→ **Records for this exercise**
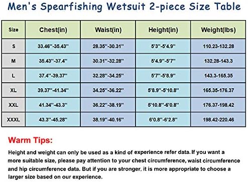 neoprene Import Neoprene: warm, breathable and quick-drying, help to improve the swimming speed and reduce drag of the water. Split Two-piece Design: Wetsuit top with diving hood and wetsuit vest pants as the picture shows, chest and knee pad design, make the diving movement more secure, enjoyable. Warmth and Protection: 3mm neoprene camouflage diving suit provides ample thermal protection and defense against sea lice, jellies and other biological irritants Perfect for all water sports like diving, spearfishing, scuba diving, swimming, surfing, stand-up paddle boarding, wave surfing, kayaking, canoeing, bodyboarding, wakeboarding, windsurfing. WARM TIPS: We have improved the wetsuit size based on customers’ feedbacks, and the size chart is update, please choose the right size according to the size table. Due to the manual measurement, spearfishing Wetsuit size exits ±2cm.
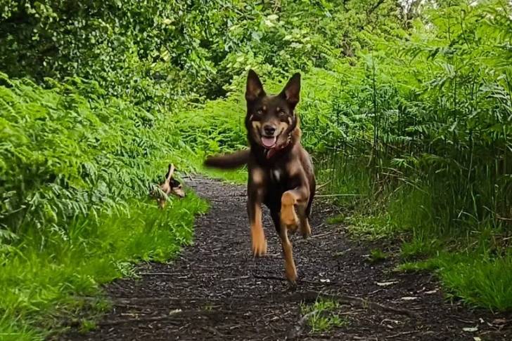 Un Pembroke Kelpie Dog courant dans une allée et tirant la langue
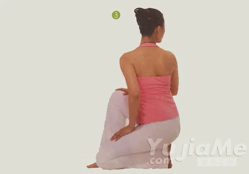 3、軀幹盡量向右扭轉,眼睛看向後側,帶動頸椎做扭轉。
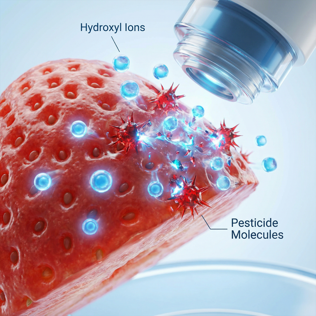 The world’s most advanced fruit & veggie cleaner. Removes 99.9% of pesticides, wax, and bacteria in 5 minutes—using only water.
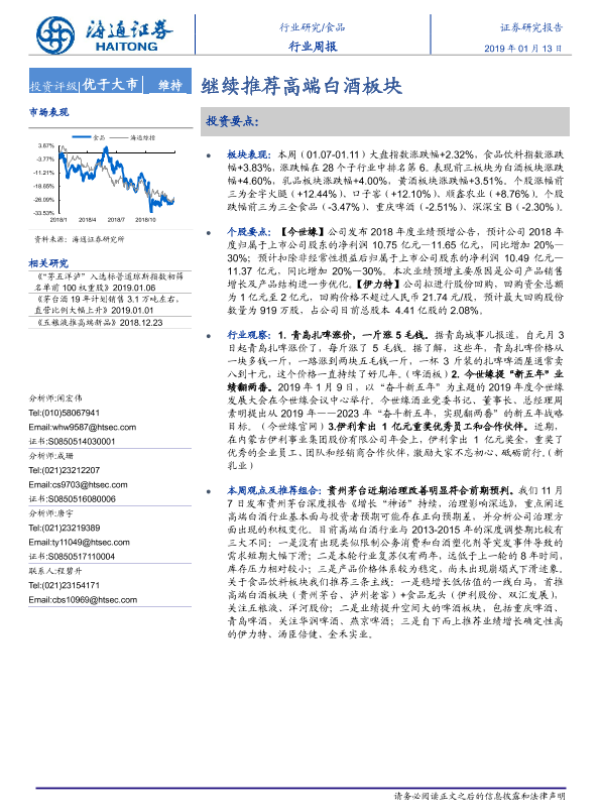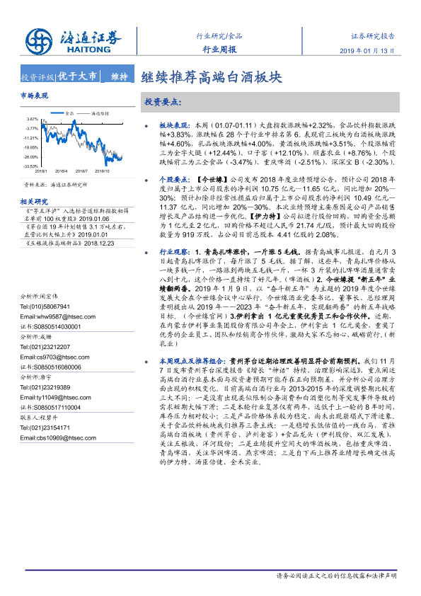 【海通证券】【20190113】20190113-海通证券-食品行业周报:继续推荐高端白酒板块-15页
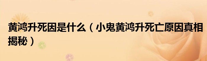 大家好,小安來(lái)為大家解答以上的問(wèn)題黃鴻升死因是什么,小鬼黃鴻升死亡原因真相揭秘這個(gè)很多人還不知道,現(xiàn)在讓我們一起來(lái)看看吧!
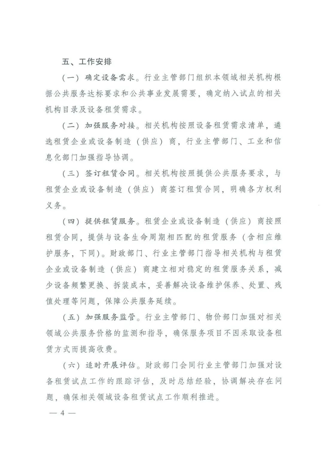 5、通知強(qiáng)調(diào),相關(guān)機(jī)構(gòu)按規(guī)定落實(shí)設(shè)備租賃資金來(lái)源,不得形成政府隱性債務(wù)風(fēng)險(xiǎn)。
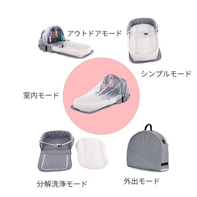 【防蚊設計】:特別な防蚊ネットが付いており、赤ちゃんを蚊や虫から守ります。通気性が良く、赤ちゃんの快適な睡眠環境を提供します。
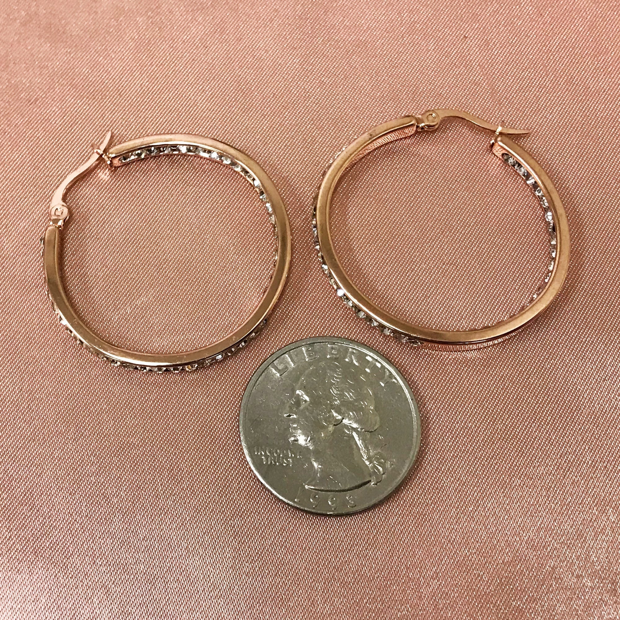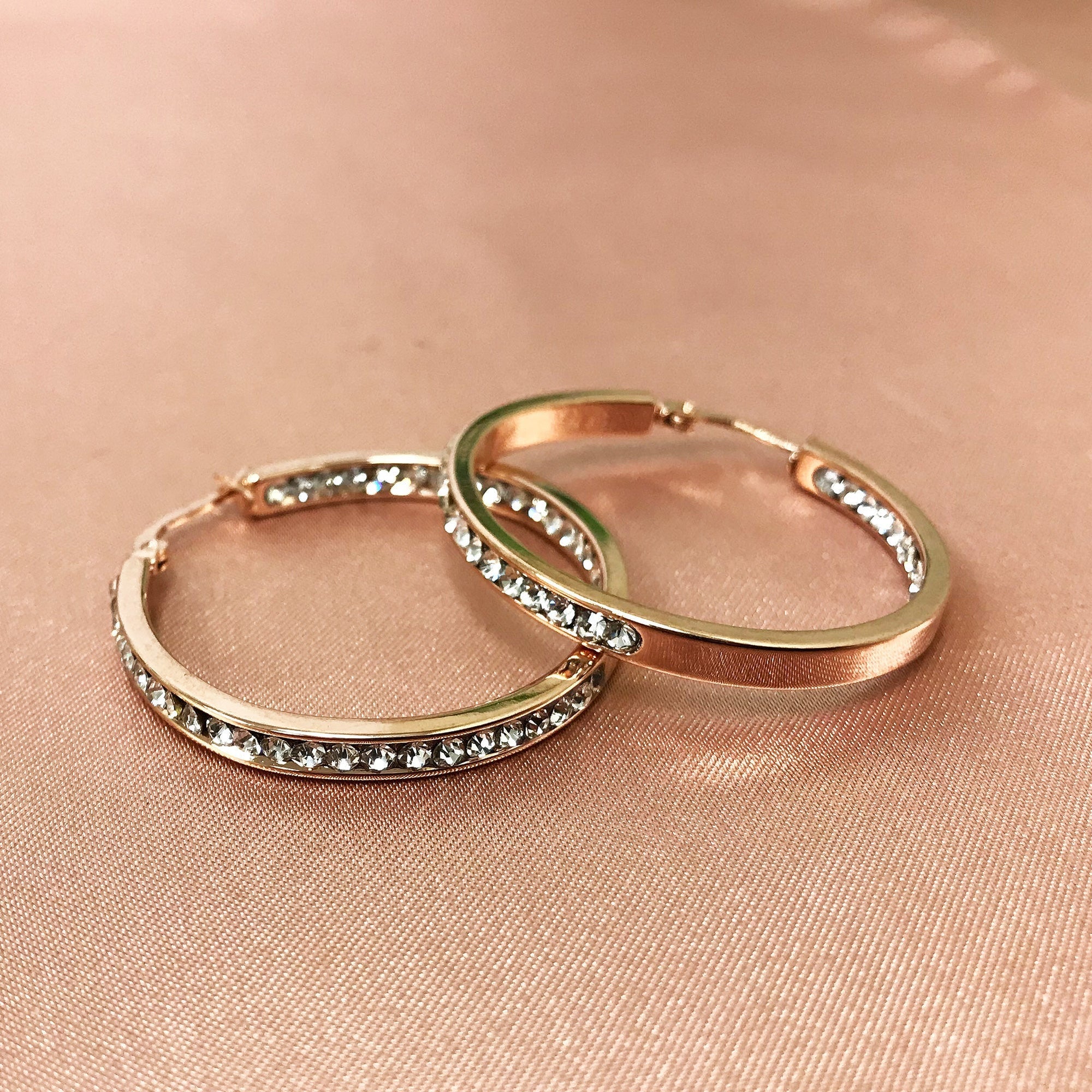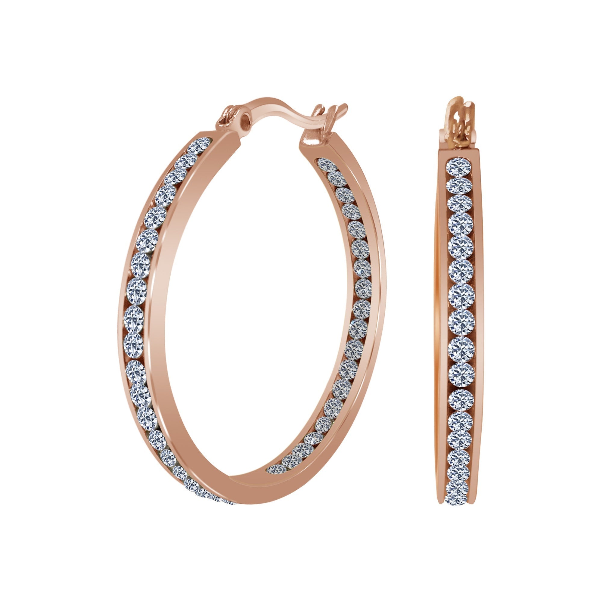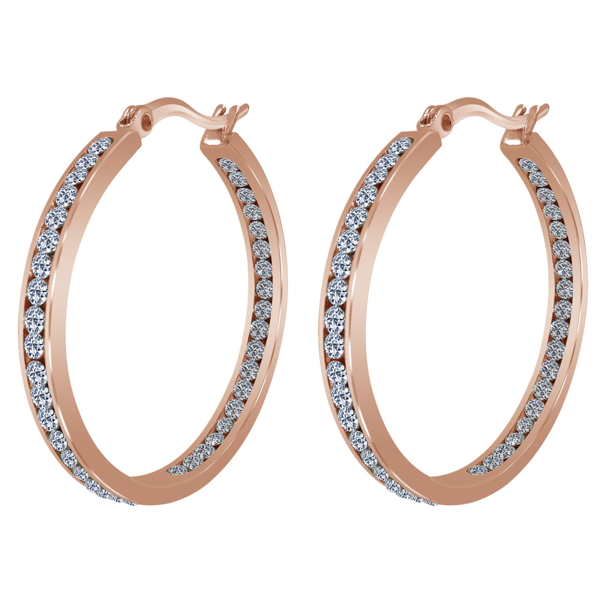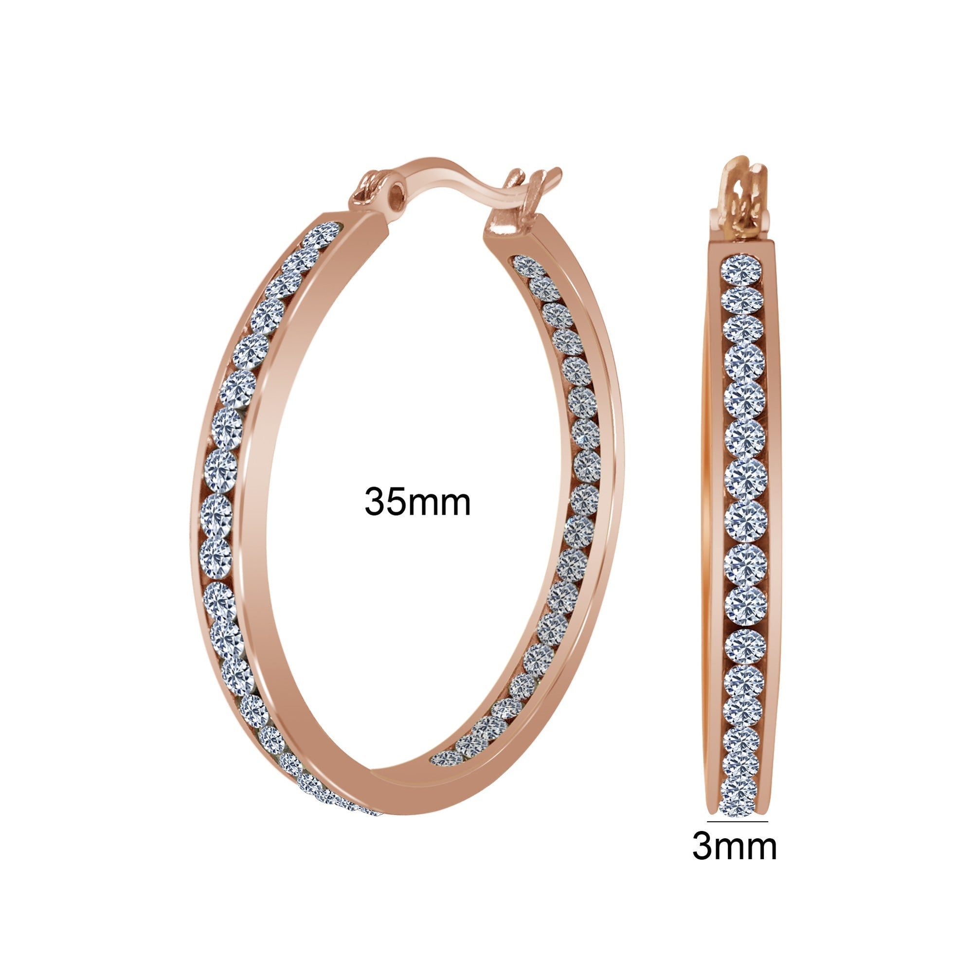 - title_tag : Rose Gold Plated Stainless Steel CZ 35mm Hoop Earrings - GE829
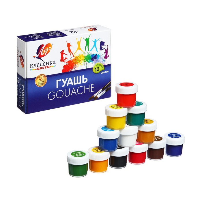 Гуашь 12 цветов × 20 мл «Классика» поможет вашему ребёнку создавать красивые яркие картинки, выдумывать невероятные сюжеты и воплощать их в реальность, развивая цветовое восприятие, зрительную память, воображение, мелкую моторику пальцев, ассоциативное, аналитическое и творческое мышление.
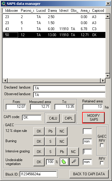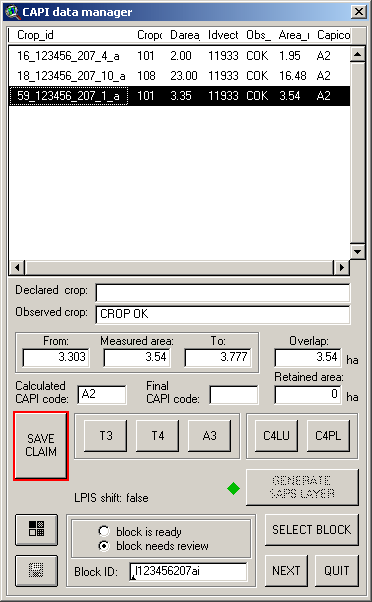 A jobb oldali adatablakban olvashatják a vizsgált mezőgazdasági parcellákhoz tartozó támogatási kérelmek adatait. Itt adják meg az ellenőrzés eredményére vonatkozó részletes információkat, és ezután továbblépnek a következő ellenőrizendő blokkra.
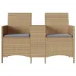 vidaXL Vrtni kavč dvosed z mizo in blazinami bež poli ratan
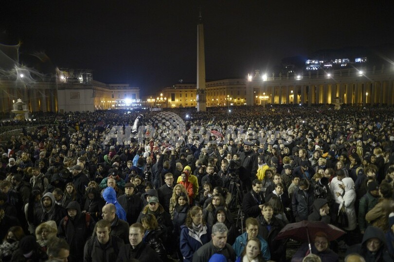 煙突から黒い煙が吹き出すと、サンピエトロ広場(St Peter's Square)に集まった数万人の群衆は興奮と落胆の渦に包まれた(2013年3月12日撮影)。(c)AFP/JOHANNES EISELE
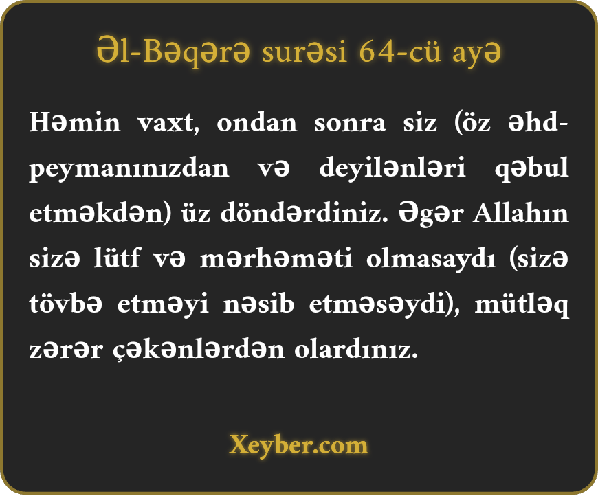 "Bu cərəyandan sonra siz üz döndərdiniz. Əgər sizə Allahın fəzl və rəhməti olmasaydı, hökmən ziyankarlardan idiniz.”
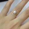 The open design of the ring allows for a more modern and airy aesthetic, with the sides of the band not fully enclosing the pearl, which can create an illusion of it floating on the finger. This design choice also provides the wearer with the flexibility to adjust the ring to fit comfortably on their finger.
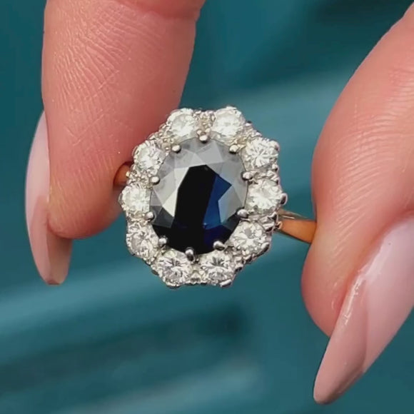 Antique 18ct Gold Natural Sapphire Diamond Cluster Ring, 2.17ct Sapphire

→ **Work required**
Repeat exactly the stretch of the listing above that starts with the line holding "vidaXL Vrtni kavč" and finishes with the line holding "cərəyandan sonra siz", both included. Skip every picture.

→ **Finished exercise**
 vidaXL Vrtni kavč dvosed z mizo in blazinami bež poli ratan
 煙突から黒い煙が吹き出すと、サンピエトロ広場(St Peter's Square)に集まった数万人の群衆は興奮と落胆の渦に包まれた(2013年3月12日撮影)。(c)AFP/JOHANNES EISELE
 "Bu cərəyandan sonra siz üz döndərdiniz. Əgər sizə Allahın fəzl və rəhməti olmasaydı, hökmən ziyankarlardan idiniz.”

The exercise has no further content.